8.3 AI Model Providers

We use multiple AI providers and select models based on task requirements:

• Anthropic (Claude family): Primary provider for content quality, customer service, and complex reasoning
• Google (Gemini family): Used for high-volume tasks, image generation, classification, and structured analysis
• OpenAI (GPT family): Used for content refinement, image generation, transcription, and as a fallback provider

All providers are bound by their respective API terms of service, which prohibit using API-submitted data for model training. We maintain a multi-provider architecture so that no single provider outage disrupts your operations.

9. Cookies and Tracking

9.1 Essential Cookies

We use essential cookies for:

• Authentication and session management
• Security (CSRF protection)
• User preferences (selected stacks, dashboard layout)

9.2 Analytics

We may use privacy-respecting analytics to understand platform usage patterns. We do not use third-party advertising trackers, and we do not serve ads on the platform.

9.3 Third-Party Cookies

Connected third-party platforms (LinkedIn, X/Twitter, etc.) may set their own cookies when you authenticate through their OAuth flows. These are governed by those platforms' respective privacy policies.

10. Children's Privacy

SingleStack is a business operations platform designed for business owners and professionals. We do not knowingly collect personal information from anyone under the age of 16. If we become aware that we have collected data from a child under 16, we will delete that information promptly.

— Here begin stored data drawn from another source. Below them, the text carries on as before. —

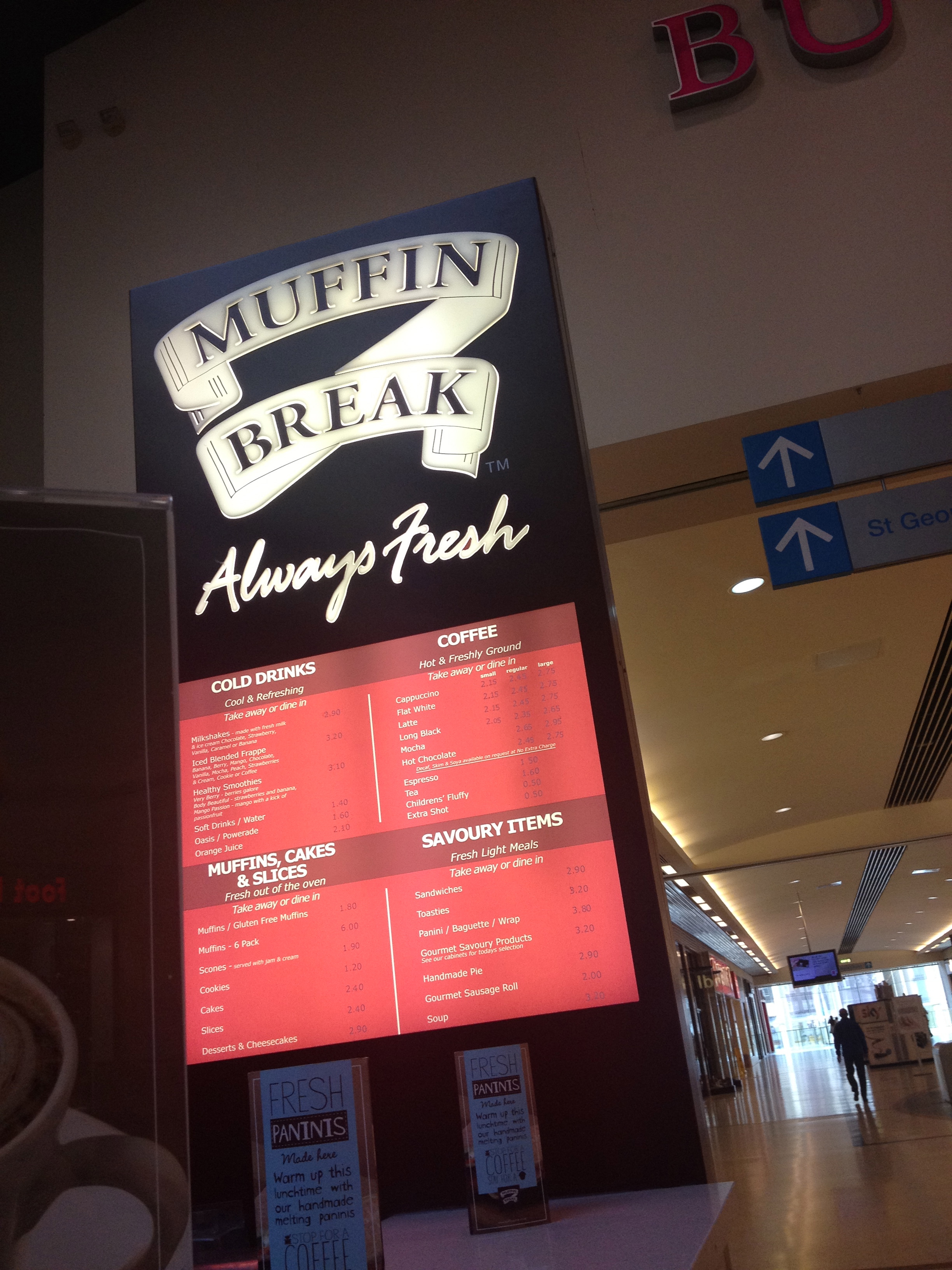 The other day I was stopped by a security guard in the Arndale and told that I am not allowed to take photos of the centre by order of the management. (I was taking a photo of the Muffin Break sign, not on its aesthetic merits, but because I was thinking I might write a review of the place in a forthcoming post. The irony of this is not lost on me.)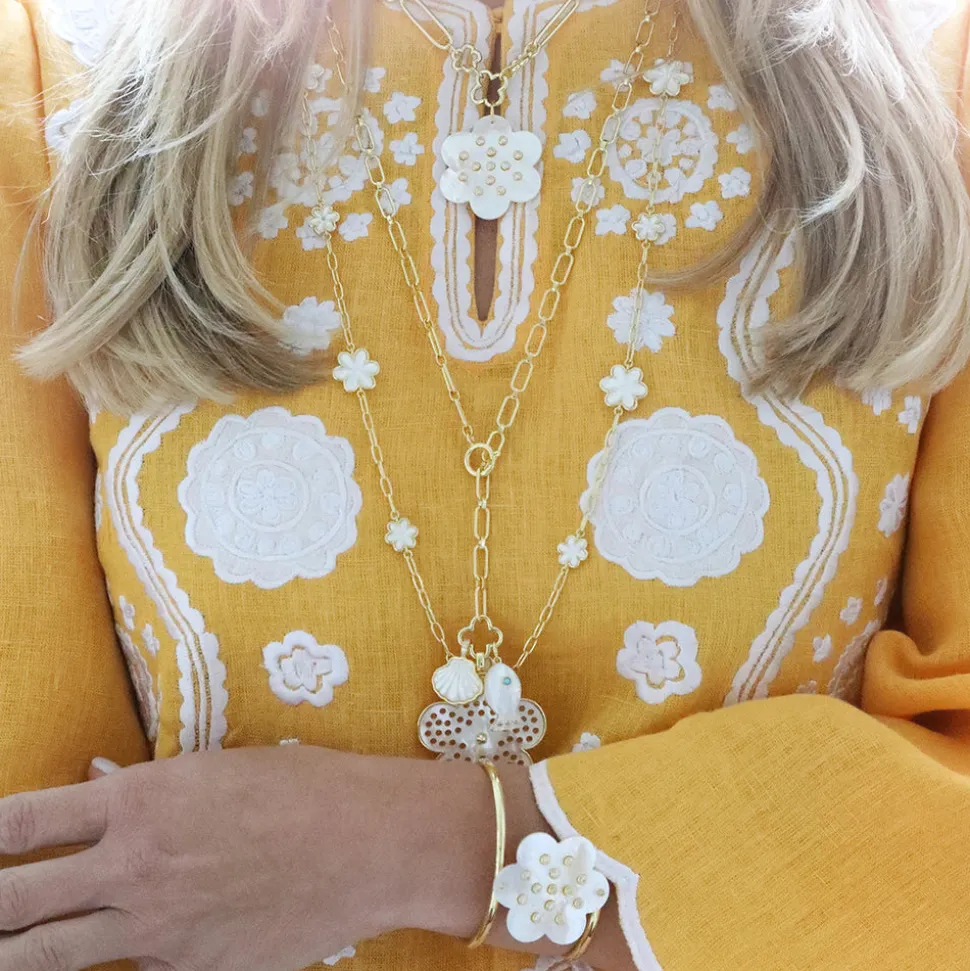 Inspired by art, architecture and the founder’s global journeys, ASHA by Ashley McCormick introduces bold, sophisticated jewelry and accessories made from only the finest materials. From everyday glamour to the red carpet, these statement pieces are classic additions to your collection. The popular Camellia style is now available in a new piece. Dipped in a 14-karat gold, the Camellia Cuff features an array of cubic zirconia and mother of pearl.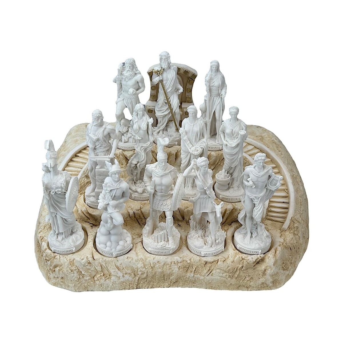 Set 12 Twelve Greek Roman Olympian Gods Pantheon Statue Sculpture Small 5.1 in with the Base included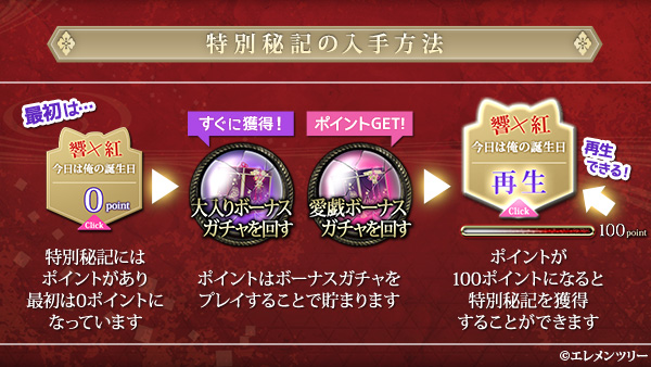 ※誕生日特別秘記は、ボーナスガチャをプレイして獲得すると読むことができます。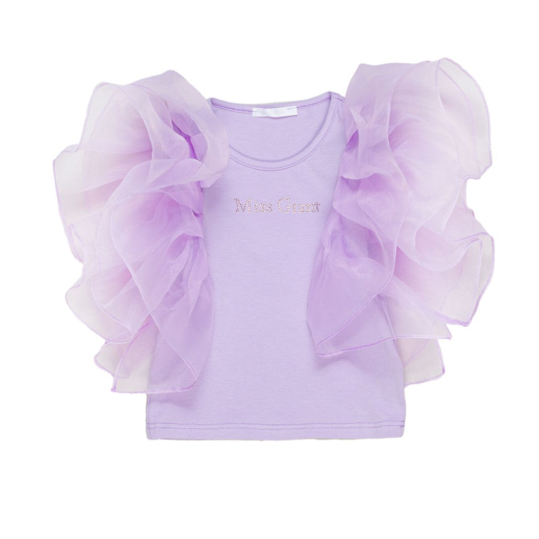 Questa T-shirt Miss Grant é realizzata in cotone stretch, offrendo un comfort e una vestibilitá ottimali. Con volant in tulle sulle spalle, é un pezzo elegante e alla moda. Il logo strassato sul petto rende il design unico e raffinato. Perfetta per ogni occasione.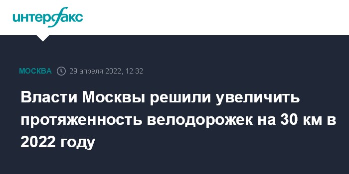 Москва. 29 апреля. INTERFAX.RU - В Москве в 2022 году власти планируют проложить еще около 30 км велодорожек в общей сложности, заявил "Первому каналу" заммэра города Максим Ликсутов.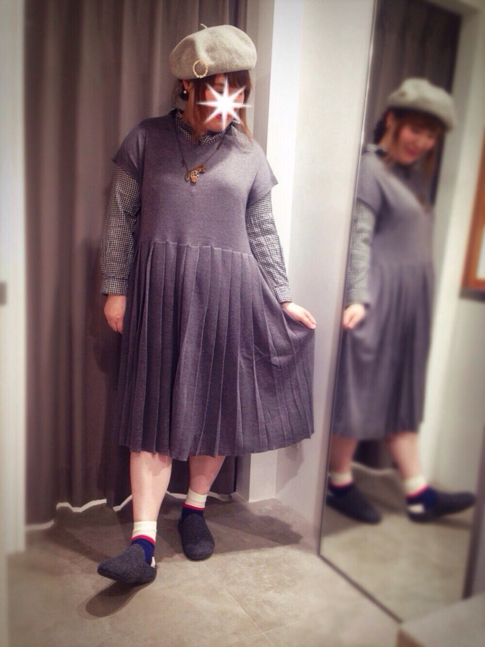 こんばんは🌙✨ 見て下さってありがとうございます(>_<)✨ 前回のコーデにもイイネ、SAVE、そしてフォローまでありがとうございます♡ 新作コーデです(*^^*) 待ちに待ったプリーツのニットワンピ👗 長めの丈なので、無謀にも生足で(笑😊) 暑がりなので、ニットは着るが生足で暫くは過ごすと思います(^ω^) ギンガムのシャツと合わせてみました👍✨ もうワンパターン、考えてるので後日アップさせて頂きます😍 昨日で同い年の先輩が退職されました… とっても寂しい…😔💦 ぽっかり心に穴が開いちゃいました…

11. MCP and Plugin Integrations

11.1 Model Context Protocol (MCP) Connections

SingleStack may be accessed through MCP integrations with LLM platforms (such as Anthropic's Claude, OpenAI's ChatGPT, or Google's Gemini). When accessed via MCP:

• The host LLM platform may process your prompts under their own privacy policy
• SingleStack receives only the tool calls and parameters necessary to execute your requested action
• SingleStack does not receive or store the full conversation history from the host platform
• Your SingleStack data is not shared with the host platform beyond the specific tool call responses

11.2 OAuth and API Access

When third-party platforms or MCP integrations connect to SingleStack:

• Authentication is handled via OAuth 2.0 with scoped permissions
• Access tokens are short-lived and automatically refreshed
• You can revoke any integration's access at any time
• All API requests are authenticated, rate-limited, and logged

12. Contact Us

If you have questions about this Privacy Policy, wish to exercise your privacy rights, or need to report a privacy concern:

SingleStackOps LLC
Privacy Requests: privacy@singlestackops.com
General Support: support@singlestackops.com
Website: singlestackops.com

We will respond to all privacy-related requests within 30 days.

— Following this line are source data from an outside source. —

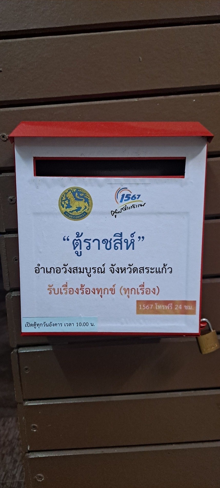 วานนี้ (28 มิ.ย.)ภายใต้นโยบายของนายธนาคม จงจิระ อธิบดีกรมการปกครอง ได้สั่งการให้ทุกอำเภอติดตั้งตู้ราชสีห์เพื่อเป็นอีกหนึ่งช่องทางในการรับเรื่องร้องเรียนร้องทุกข์ของพี่น้องประชาชนในพื้นที่ โดยนายแนายอำเภอวังสมบูรณ์/ผู้บังคับกองอาสารักษาดินแดนอำเภอวังสมบูรณ์ ที่ 10 จ.สระแก้ว ไดสั่งการให้ติดตั้งตู้ราชสีห์ในพื้นที่อำเภอวังสมบูรณ์จำนวน 3 ตู้
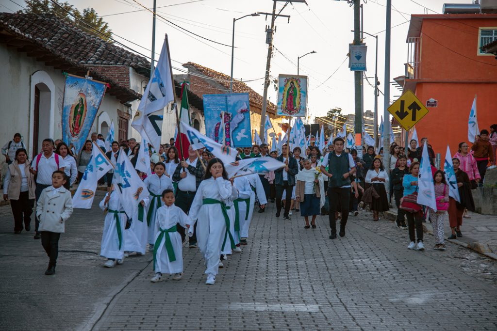 El contingente se reunió en la plazuela de la iglesia de Guadalupe, donde oficiaba misa el sacerdote Marcelo. Hombres y mujeres en su mayoría portaron banderas blancas con un estampado azul y la silueta de una paloma con una rama de olivo, como un símbolo de la paz.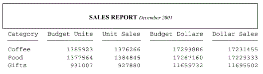 TABLE FILE GGSALES SUM BUDUNITS UNITS BUDDOLLARS DOLLARS BY CATEGORY ON TABLE SUBHEAD "SALES REPORT <+0>December 2001" ON TABLE SET PAGE-NUM OFF ON TABLE HOLD FORMAT PDF ON TABLE SET SQUEEZE ON ON TABLE SET STYLESHEET * TYPE = TABHEADING, GRID=ON, JUSTIFY=CENTER, TOPGAP=.25, BOTTOMGAP=.25, $ TYPE = TABHEADING, FONT='TIMES', SIZE=12, STYLE=BOLD, $ TYPE = TABHEADING, ITEM=2, SIZE=10, STYLE=ITALIC, $ ENDSTYLE END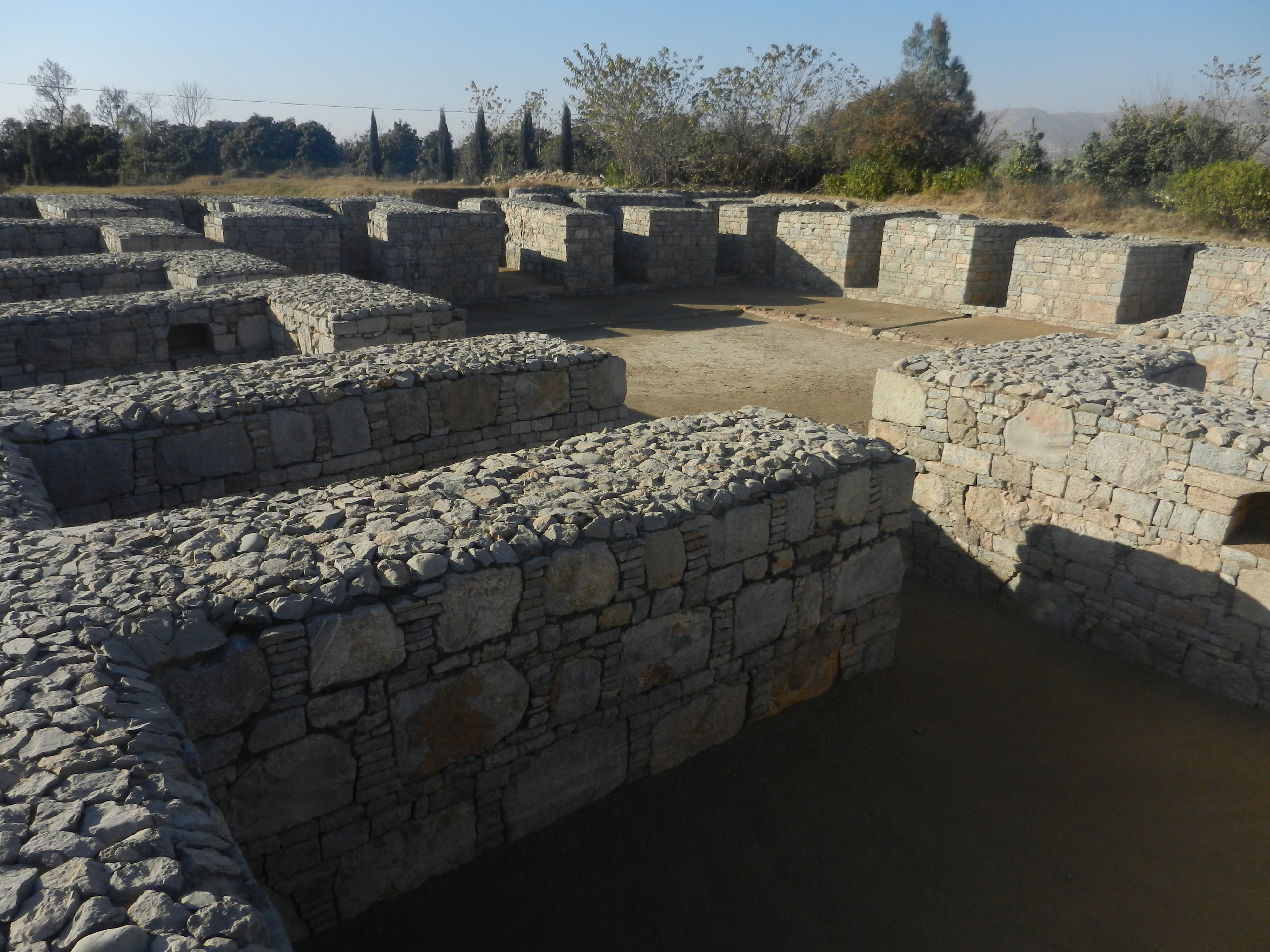 A view of the monastery at the complex at Jinnan Wali Dheri dating to 5th Cent CE. The name literally means "The Mound of Demons" and is a modern name given due to the number of human skeletons that would emerge before excavation from the buried site which gave it a reputation for being the haunt of demons by the locals. It is a smaller site as compared to others but due to its small size has been very well preserved and conserved recently with funding from the U.S. Ambassador's Fund for Cultural Preservation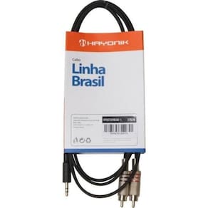 Cabo de Áudio Linha Brasil P2 Estéreo X 2 RCA 1,8m Preto Produzidos com matéria-prima de alto padrão, a linha de cabos da Hayonik foi desenvolvida para possibilitar uma melhor transmissão do sinal, evitando ruídos e interferências, proporcionando ao usuário excelente qualidade sonora. Produto fabricado no Brasil.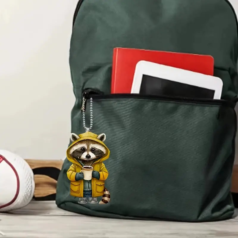 Raccoon in Rain Jacket Holding Coffee Ornament

See also our Terms of Service.

13. Changes to This Policy

We may update this Privacy Policy from time to time. When we make material changes:

• We will update the “Last Updated” date at the top of this policy
• We will notify active users via email or in-platform notification
• Continued use of the Service after changes constitutes acceptance of the updated policy

We encourage you to review this Privacy Policy periodically.